Re: [PATCH] pgbench --throttle (submission 7 - with lag measurement) - Mailing list pgsql-hackers

From Greg Smith
Subject Re: [PATCH] pgbench --throttle (submission 7 - with lag measurement)
Date
Msg-id 51E2E61F.5020807@2ndQuadrant.com
Whole thread Raw
In response to Re: [PATCH] pgbench --throttle (submission 7 - with lag measurement)  (Fabien COELHO <coelho@cri.ensmp.fr>)
Responses Re: [PATCH] pgbench --throttle (submission 7 - with lag measurement)
List pgsql-hackers
On 7/13/13 12:13 PM, Fabien COELHO wrote:
> My 0.02€: if it means adding complexity to the pgbench code, I think
> that it is not worth it. The point of pgbench is to look at a steady
> state, not to end in the most graceful possible way as far as measures
> are concerned.

That's how some people use pgbench.  I'm just as likely to use it to
characterize system latency.  If there's a source of latency that's
specific to the pgbench code, I want that out of there even if it's hard.

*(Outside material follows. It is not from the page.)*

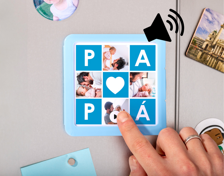 Se acerca el Día del Padre y puede que no sepas qué regalarle este año. No te preocupes porque tenemos la solución para que triunfes con el mejor regalo del mundo y es este imán musical personalizado que le dejará sin palabras. Porque cualquier padre querría tener en la nevera un imán con sus fotos favoritas y con una sorpresa que se esconde si le da al 'play'. Sin duda, este original imán es el regalo que necesitas para el cumple de papá o el Día del Padre porque lo tiene todo. En primer lugar, vas a poder elegir el color que más te guste para la caja (rojo, amarillo, rosa, blanco o azul). Después, no sería lo mismo si no pusieras tus fotos favoritas con papá en este precioso mosaico, porque quedarán genial. Y por último y lo más guay de todo, es que este imán cuenta con un reproductor en el que podrás grabar desde un mnesaje de voz o añadir vuestra canción favorita. ¡La podrá escuchar siempre que quiera! Para poder personalizar este imán, solo tienes que añadir el producto al carrito y seguir los pasos que te indicamos. Elegir el color, añadir el audio y cargar en el sistema las fotos que quieras que aparezcan en este diseño. Así de fácil. Nosotros nos encargamos de que quede perfecto y listo para regalar. ¡Será el mejor regalo del mundo! Medidas del imán: 11 x 11 cm. Colores disponibles: rojo, rosa, amarillo, blanco y azul. Importante: Estos imanes musicales son recargables. Su batería, situada en la parte trasera, te permite conectar un cable USB de tipo C.

But we don't have to argue about that because it isn't.  The attached
new patch seems to fix the latency spikes at the end, with -2 lines of
new code!  With that resolved I did a final pass across the rate limit
code too, attached as a v14 and ready for a committer.  I don't really
care what order these two changes are committed, there's no hard
dependency, but I would like to see them both go in eventually.

No functional code was changed from your v13 except for tweaking the
output.  The main thing I did was expand/edit comments and rename a few
variables to try and make this easier to read.  If you have any
objections to my cosmetic changes feel free to post an update.  I've put
a good bit of time into trying to simplify this further, thinking it
can't really be this hard.  But this seems to be the minimum complexity
that still works given the mess of the pgbench state machine.  Every
change I try now breaks something.

To wrap up the test results motivating my little pgbench-delay-finish
patch, the throttled cases that were always giving >100ms of latency
clustered at the end here now look like this:

average rate limit lag: 0.181 ms (max 53.108 ms)
tps = 10088.727398 (including connections establishing)
tps = 10105.775864 (excluding connections establishing)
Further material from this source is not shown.